I guess it's just variance but if "variance" is the most "lofty" sounding word I will be vary disappointed. Ideally I want something that sounds more illustrious.
Question
Are there more technical/uber-statistical terms that could be used to refer to whether 1 standard deviation has "a lot" or "a little" spread?
Thanks
 A: Some intuitive re-expression of the problem:
You could regard the quantile function of the standardized squared difference $\chi = \left(\frac{|X-\mu|}{\sigma}\right)^2$ from the mean
Let
$$F(\chi) = P\left(\left(\frac{|X-\mu|}{\sigma}\right)^2 < \chi \right)$$
Then the quantile function that we speak about is the inverse
$$Q(p) = \lbrace \chi: F(\chi) = p \rbrace$$
This needs to be a monotonically increasing function that integrates to 1.
An example of this function for the normal distribution is:

Taken from here: https://math.stackexchange.com/a/3781761/466748
From this view the kurtosis is equal to
$$ kurtosis = \int_0^1 Q(p)^2 dp$$
And your concept is the point $p$ where $Q(p) = 1$ or differently
$$ Z = \int_0^1 \mathbb{1}_{Q(p)\leq 1} dp$$
Where $\mathbb{1}$ is the indicator function.
Your measure is computing how often standardized values are close to 0, or spread out and away from 1, In some way similar as kurtosis, but kurtosis is assigning more weight to extreme values.
Your measure is similar to kurtosis (from Greek for bulging). But to come up with a term might be difficult since many different shapes can correspond to high/low values of your statistic. Like kurtosis it has a similar relationships with peakedness, but it is also not exactly the same as peakedness and only correlates with it.
Maybe you shouldn't try to condense this in a particular name and you could describe it with a few more words.

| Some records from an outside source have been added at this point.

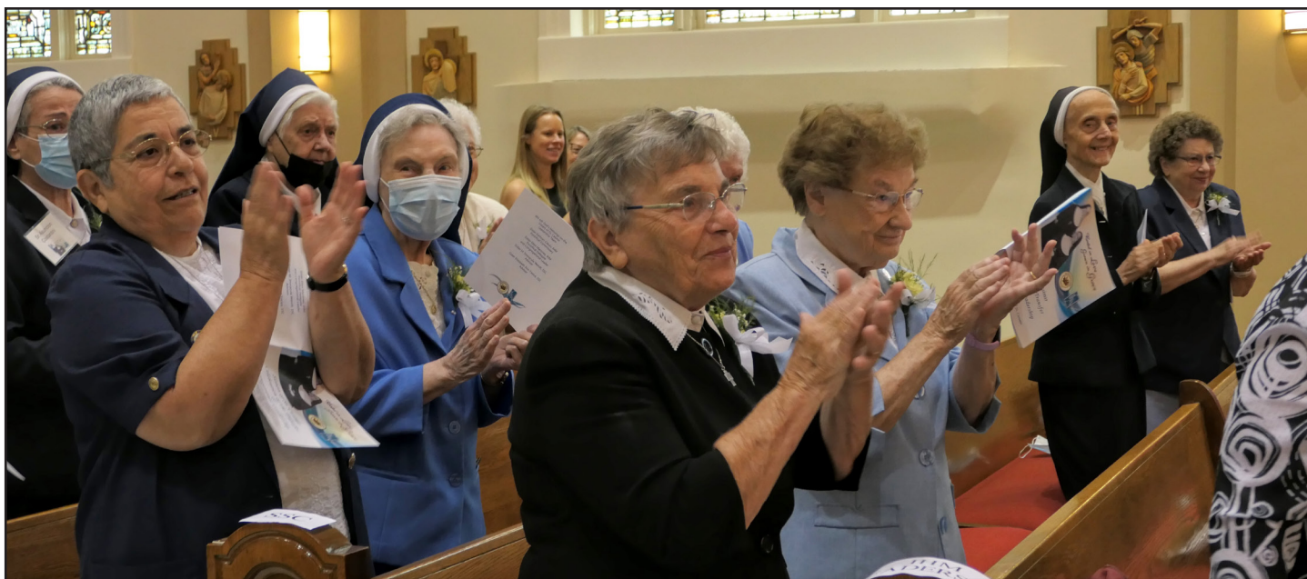
Applauding the new Leadership Team.
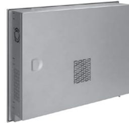
▲ Less screw design
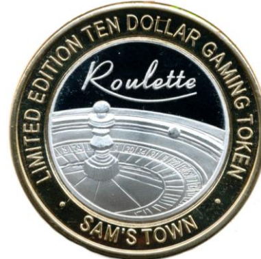
4-Sam's Town, Roulette Wheel
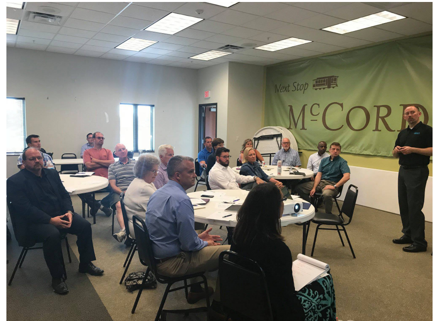
The Town Center Advisory Committee met several times in 2018 and will continue meeting in 2019.
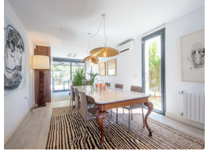
Luxurious dining area

PORTA MALLORQUINA® Your home. Our passion.
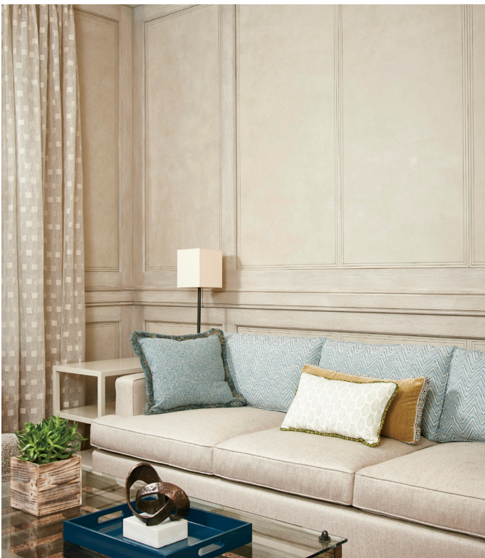
Native Apache Double Stitched Wall Tiles

Because of the binary nature, how you count values below and above $1\sigma$ as either 0 or 1, you might call this measure 'the degree of probability division around $1\sigma$' or (my favorite) 'bulge/tail ratio', a measure for how much probability mass is in the tails and how much in the bulge. Firebug's suggestion in the comments is also nice 'probability concentration'.
Distributions that have a high $Z$ will have most of the distribution being determined by a central part with the tails possibly having large influence on the kurtosis or other values, but in terms of amount of probability the tails will be small.